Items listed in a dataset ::
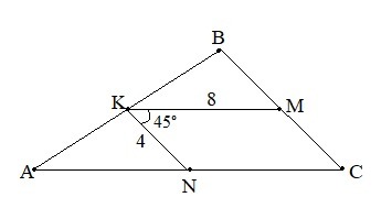 Средние линии KM и KN остроугольного треугольника ABC равны соответственно 8 см и 4 см и образуют между собой угол МКN, равный 45 градусов. Найдите площадь треугольника ABC.
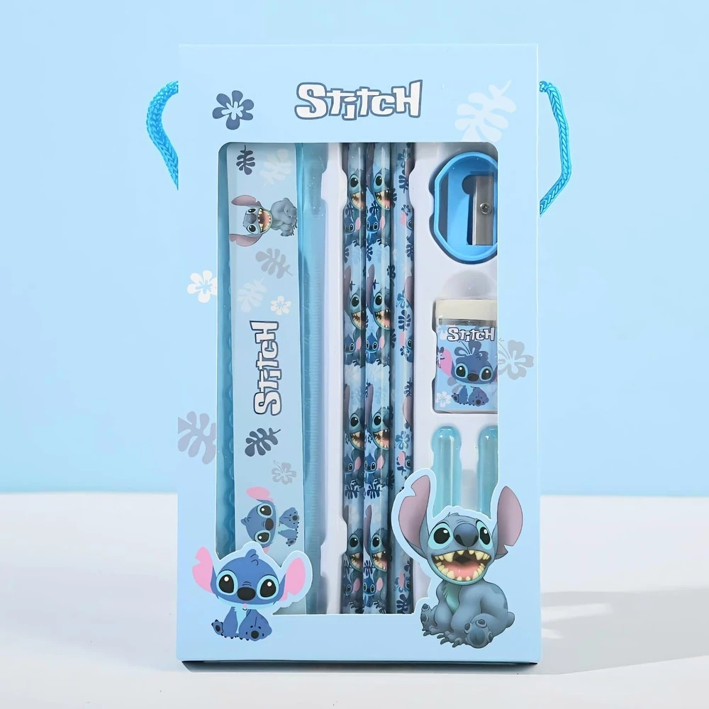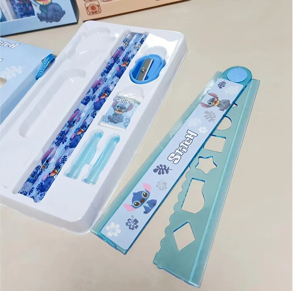 (Cuenta con 3 lápices, un sacapuntas, un borrado y dos reglas, una de ellas con formas. Este set viene presentado en una caja todo con diseños de stitch. Ideal para el inicio de clases).
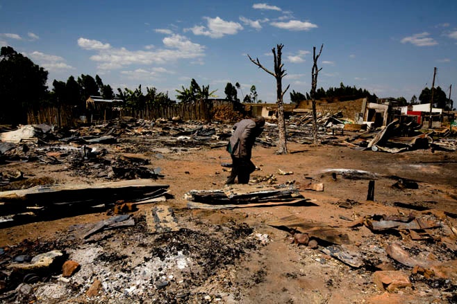 A man walks through ruins of an area of Chepilat in the Rift Valley Province, February 2008. The burning of homes by Kalenjin men, forced residents of both the Kisii and the Kikuyu ethnic groups to flee.
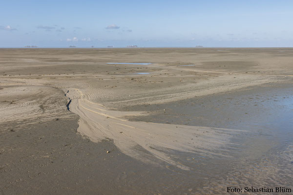 Kam es mir schon bei den ersten beiden „Wander-Ereignissen“ des Sandes so vor, als könne ich meinen Augen nicht mehr trauen, dachte ich das diesmal erst recht und war wirklich sprachlos, als ich letzten Donnerstag auf Höhe des Anlegers auf einer zentimetertiefen Sandschicht lief, wo ich normalerweise im Schlick feststecke. So viel Sand wie zum Zeitpunkt des Tathergangs liegt zumindest großflächig nicht mehr auf dem Watt, dennoch ist eine Veränderung gerade der Wattoberfläche nach wie vor zu erkennen – und in den Lahnungsfeldern werden diese Veränderungen noch viel länger zu sehen sein.
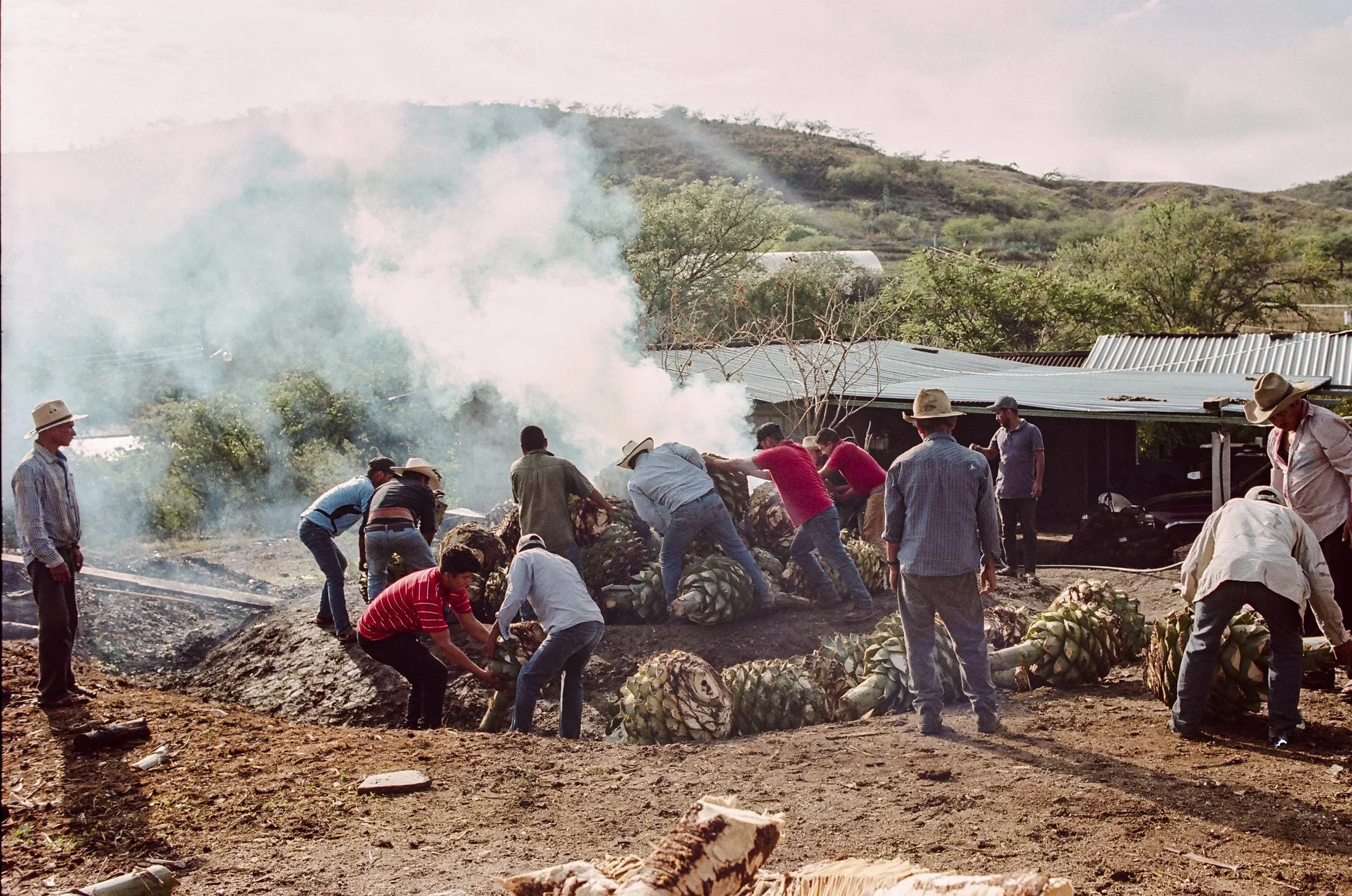 NETA exclusively commercializes single-batch agave spirits from producers in Miahuatlán and almost entirely from the 110-person village of Logoche. When talking about "single batches" we are referring to lots produced from a single oven or harvest of agave. The process of crafting these batches begins with the harvest of mature en guía or capón plants, often of various species or types of agave around the time of the full moon, that are then cooked together in a conical earthen pit. The roasted agave hearts or piñas are then either separated and designated for multiple smaller batches, or macerated and fermented together in their entirety to make a single batch. In accordance with traditional practices, the spirits produced from different ovens are not blended, homogenized, or standardized to a particular ABV. Each production is unique and bottled at still-strength by members and family members of the co-op and the quantity produced is relative to the number of agave cooked in an oven and their respective yield. Agave spirits are agricultural products, and the quantities of production should reasonably reflect the availability of local resources.
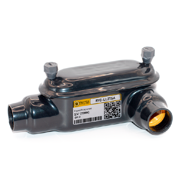 Caja de conexiones uso intemperie serie ovalada tipo (C, LB, LL, LR, T, TB, X) de aluminio libre de cobre S7™, de (especifique diámetro, ej.: 3/4”Ø), con recubrimiento exterior de PVC e interior con uretano amarillo, incluye tapa y tornillos de acero encapsulados con uñas de sujeción recubiertas con uretano amarillo, marca REPSA Yellow Coat®.
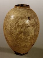 说 明: 通体施透明釉,肩部刻花叶纹,腹用开光构图。
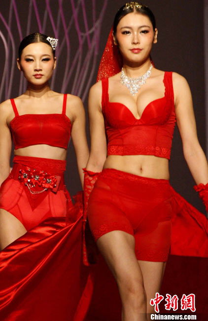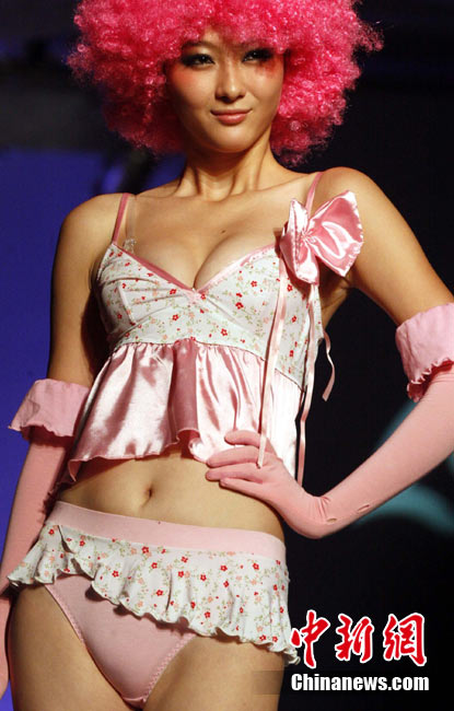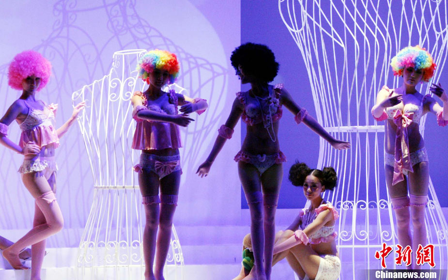 11月21日,正在虎門(mén)舉行的第15屆中國(guó)(虎門(mén))國(guó)際服裝交易會(huì)上推出精彩內(nèi)衣秀。圖為模特展示不同款式的內(nèi)衣作品。中新社記者 錢(qián)興強(qiáng) 攝
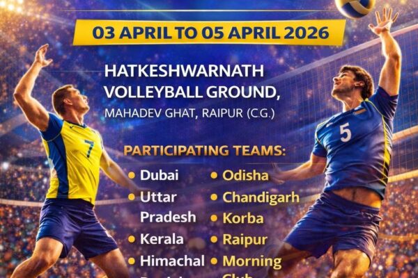 रायपुर। हटकेश्वरनाथ वॉलीबॉल संघ, रायपुर द्वारा 3 से 5 अप्रैल तक महादेव घाट स्थित हटकेश्वरनाथ वॉलीबॉल ग्राउंड में 5वीं ऑल इंडिया वॉलीबॉल टूर्नामेंट 2026 का आयोजन किया जाएगा। प्रतियोगिता का उद्घाटन 3 अप्रैल, शुक्रवार को सुबह 10 बजे विधायक एवं पूर्व मंत्री राजेश मूणत के मुख्य आतिथ्य में होगा। इस अवसर पर मनोज वर्मा, महेन्द्र…
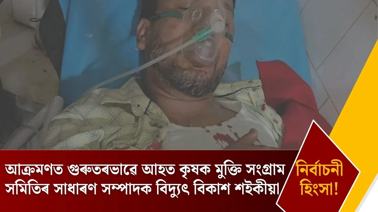 ৰাজ্যত ভোটগ্ৰহণৰ পূৰ্বে কৃষক মুক্তি সংগ্ৰাম সমিতিৰ সাধাৰণ সম্পাদক বিদ্যুৎ বিকাশ শইকীয়া আক্ৰমণত গুৰুতৰভাৱে আহত হোৱা বুলি জানিব পৰা গৈছে। বৰ্তমান তেওঁ চিকিৎসাধীন হৈ আছে। বাতৰি অনুসৰি, নিৰ্বাচনৰ প্ৰাকমুহূৰ্তত শইকীয়া আক্ৰমণৰ বলি হৈছে। এই ঘটনাত সংগঠনটোৰ নেতৃত্বই তীব্ৰ প্ৰতিক্ৰিয়াৰ প্ৰকাশ কৰিছে। কৃষক মুক্তি সংগ্ৰাম সমিতিৰ প্ৰাক্তন সভাপতি তথা বৰ্তমান ৰাইজৰ দলৰ সভাপতি অখিল গগৈয়ে এই […] The post নিৰ্বাচনৰ হিংসা! আক্ৰমণত গুৰুতৰভাৱে আহত কৃষক মুক্তি সংগ্ৰাম সমিতিৰ সাধাৰণ সম্পাদক বিদ্যুৎ বিকাশ শইকীয়া appeared first on NORTHEAST NOW (Assamese) .
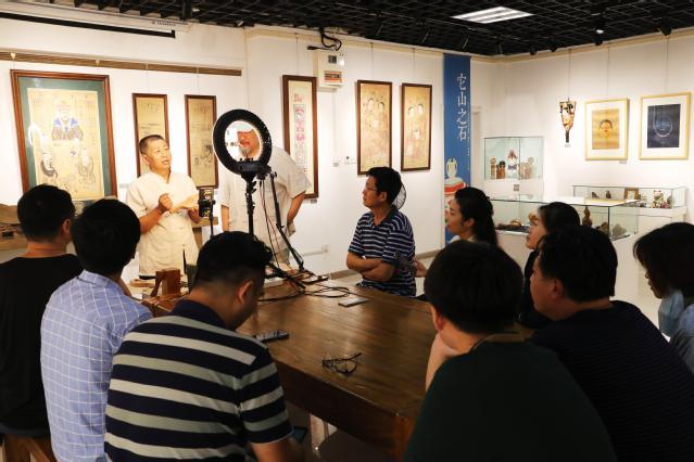 活動利用線上直播和線下論壇相結合形式展開,青島市民間文藝家協會副主席、青島手工藝協會會長、青島手工藝博物館館長魯漢科普了端午節與榼子的關系和傳承淵源,講述了端午節的奇聞趣事、“五毒餅”食俗的淵源以及榼子的制作工藝。青島餑餑榼子非遺傳承人、青島市工藝美術大師王丕文現場操刀,從選材、加工和雕刻等流程上,為大眾演示了榼子的制作方法。
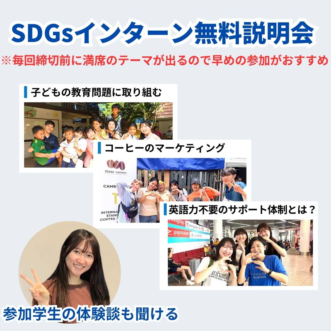 オンライン無料説明会では、たった30分間で、SDGsインターンシップのテーマごとの詳細や、カンボジアのこと、SDGsの実践と就活に生きる経験ができる理由がわかる!
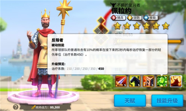 四技能,反叛者:该部队所率领的部队在接下来的2秒内,有10%的几率通过普通攻击每秒恢复一部分轻伤单位,治疗系数为450。
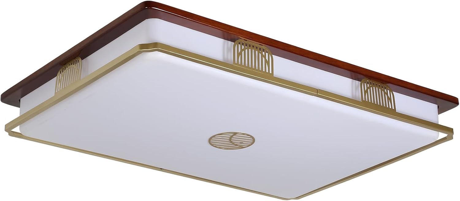 Specifications Color: Walnut Color, White, and Copper ColorStyle: New Chinese StyleShape: RectangularMaterial: Iron, Solid Wood, Hardware, AcrylicProcesses: Sanding, PaintingAssembly Required: NoMounting Type: Ceiling Mount Indoor/Outdoor Usage: IndoorLight Fixture Form: Flush-Mounted Ceiling Lamp Power Source: Corded ElectricLight Direction: DownlightEfficiency: E Voltage: 95-260V Power: 108W Light Source: LEDInfinitely Dimmable: YesLight Color: Yellow, Warm, WhiteApplicable Area: 25㎡/269ft² Product Size: 97*65*11cm/38.18*25.59*4.33in Package Included1* Ceiling Light1* Remote Control Notes1.Please check the product size before ordering to make sure it fits your room.2.Please wear electric insulation gloves(not included) and avoid scratching the surface of the lamp plate and the electric wire when installing. Please make sure that the power supply has been cut off before installation, and conduct a power test before installation. Please have this light installed by a professional electrician.3. Please allow the slight color difference caused by the shooting light and 1-3cm error due to manual measurement, and make sure you do not mind before you order.
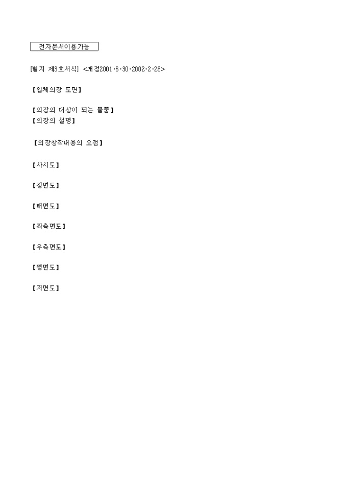 9,000원/월이 서식은 특허청에서 사용되는 [별지제3호]입체의장 도면입니다.
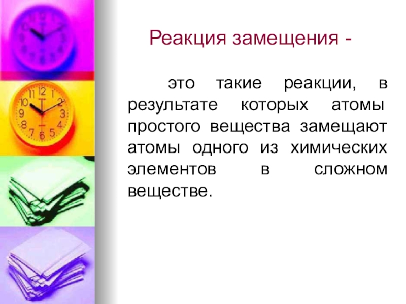 Реакция замещения -  это такие реакции, в результате которых атомы простого вещества замещают атомы одного из

TASK REQUIREMENTS :: With pictures removed, write out exactly each line of the entries from the first through the line that holds "A man walks".

TASK SOLUTION ::
 Средние линии KM и KN остроугольного треугольника ABC равны соответственно 8 см и 4 см и образуют между собой угол МКN, равный 45 градусов. Найдите площадь треугольника ABC.
 (Cuenta con 3 lápices, un sacapuntas, un borrado y dos reglas, una de ellas con formas. Este set viene presentado en una caja todo con diseños de stitch. Ideal para el inicio de clases).
 A man walks through ruins of an area of Chepilat in the Rift Valley Province, February 2008. The burning of homes by Kalenjin men, forced residents of both the Kisii and the Kikuyu ethnic groups to flee.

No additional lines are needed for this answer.